Elizabeth Tricomi

Can negative feedback be as rewarding as positive feedback?

Imagine you are told that you succeeded at a task. Your brain registers that positive feedback with increased activity in the striatum, a part of the brain that relates to rewards. That reaction can be measured by functional magnetic resonance imaging (fMRI).

Negative feedback—being told you didn’t respond correctly—usually causes decreased brain activity in the striatum. Elizabeth Tricomi, director of the Learning and Decision-Making Laboratory at Rutgers - Newark, and her colleagues decided to see if they could change that effect. Tricomi, who studies reward-processing in the brain, is interested in how the brain’s motivational system ties in with feedback-based learning.

“We wanted to see what would happen if we could get people to think of negative feedback as useful information rather than as punishment for poor performance,” she says.
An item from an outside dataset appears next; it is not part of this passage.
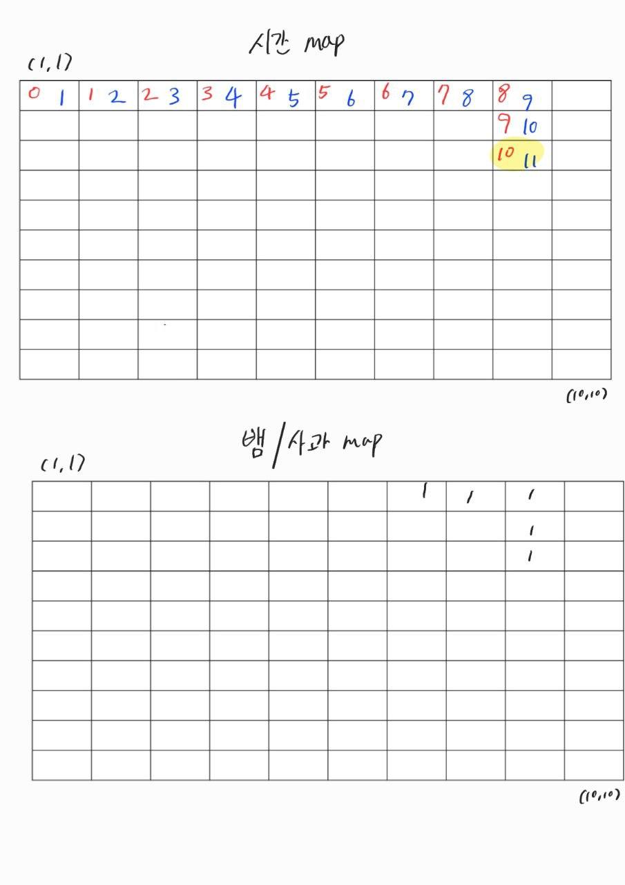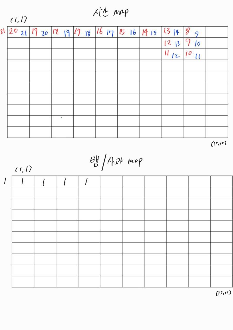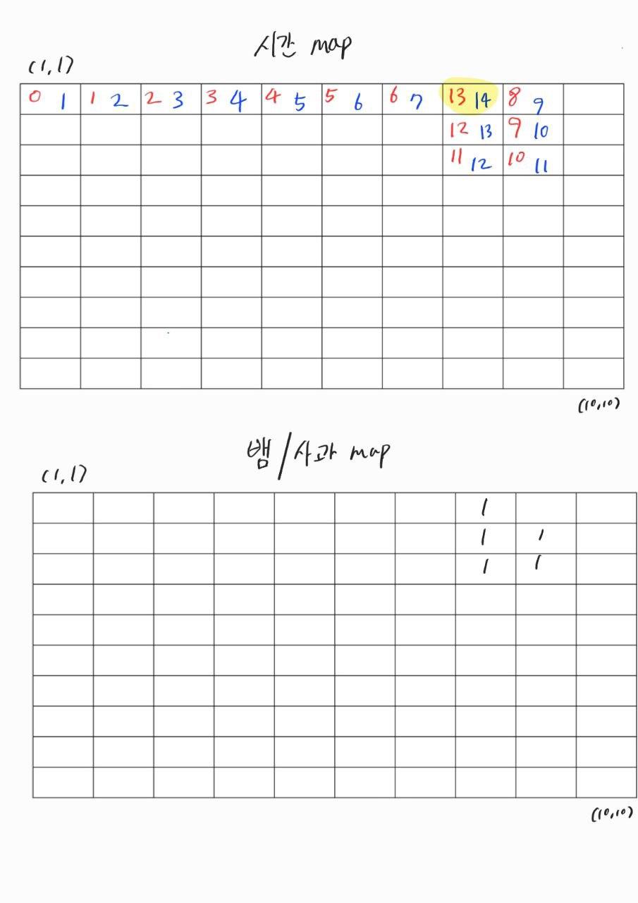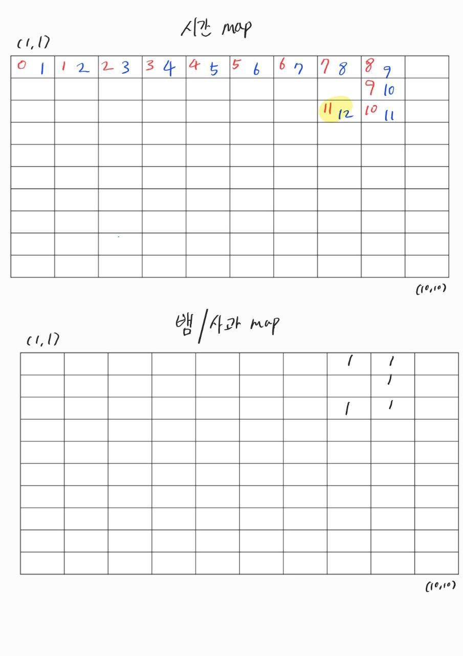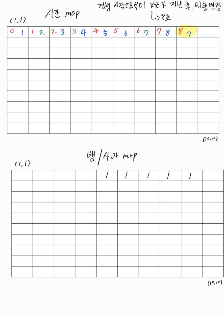 - 시간에 대한 문제 때문인데, (1,1)에서 뱀이 시작할 때를 1초로 잡고 구현했었다.

Working with subjects while their brains were scanned with fMRI, Tricomi showed that, given four options to choose from, negative feedback lowered brain activity. Yet when subjects had only two options to choose from, positive and negative feedback provided equal amounts of information about which option was correct, so both increased brain activity.

Tricomi also found that people preferred feedback trials (being told if they had selected the right choice or not) to being told nothing. Because of that, negative feedback produced a positive brain response.

“Just having those no-feedback trials seemed to make the negative feedback more rewarding to them. By contrast, they realized that negative feedback was helping them reach the goal of learning the task,” Tricomi says. On the fMRI scans, the no-feedback exercises “looked like a punishment response in the brain.”

That fits with one of her larger interests, the influence of subjective feelings or attitudes on learning and on shaping future behavior.

“There’s a fair amount of evidence that there are multiple learning systems in the brain,” she says. In the reward system of the striatum, “the purpose of that reward signal may be to help people associate their actions with their consequences.”

To explore that, Tricomi is looking at a brain sub-region, the caudate in the dorsal striatum, that she calls “very action-sensitive.” For learning, it appears to respond “only when you think your actions could contribute to the outcome.”

By associating actions with positive or negative consequences, individuals would choose to repeat actions that led to positive outcomes and avoid repeating the others. This could be useful in prevention efforts such as motivational interviews that encourage people to avoid smoking or drug-taking by talking about why achieving the goal is important to them.

Illegal drugs also activate the reward areas of the brain that relate to feedback-based learning, with powerful effect. “These brain regions get hijacked and the response to the drug reward is many times higher,” Tricomi says.

“The hope is if you could get people to be motivated toward healthy goals like achievement and away from unhealthy goals, it might be a protective factor,” she adds.


As an undergraduate at Cornell University, Elizabeth Tricomi worked in a laboratory studying learning and memory in birds. She was named a Howard Hughes Research Scholar, received a B.S. in biological sciences, concentrating in neurobiology and behavior, and decided to focus her graduate research on learning processes in humans. Tricomi earned an M.S and Ph.D. in psychology at the University of Pittsburgh and the Center for the Neural Basis of Cognition. While there, she received a Faculty of Arts and Sciences Fellowship, the Tim Post Memorial Award for Research Excellence and an Andrew Mellon Predoctoral Fellowship, among other awards. She was a post-doctoral scholar in psychology at the California Institute of Technology. In 2009, Tricomi came to Rutgers University in Newark as an assistant professor in the Department of Psychology, where she is also a member of the behavioral and neural sciences program. She has received several grants, including the National Science Foundation CAREER Award, given in 2012, to fund her study of neural processes in feedback-based learning.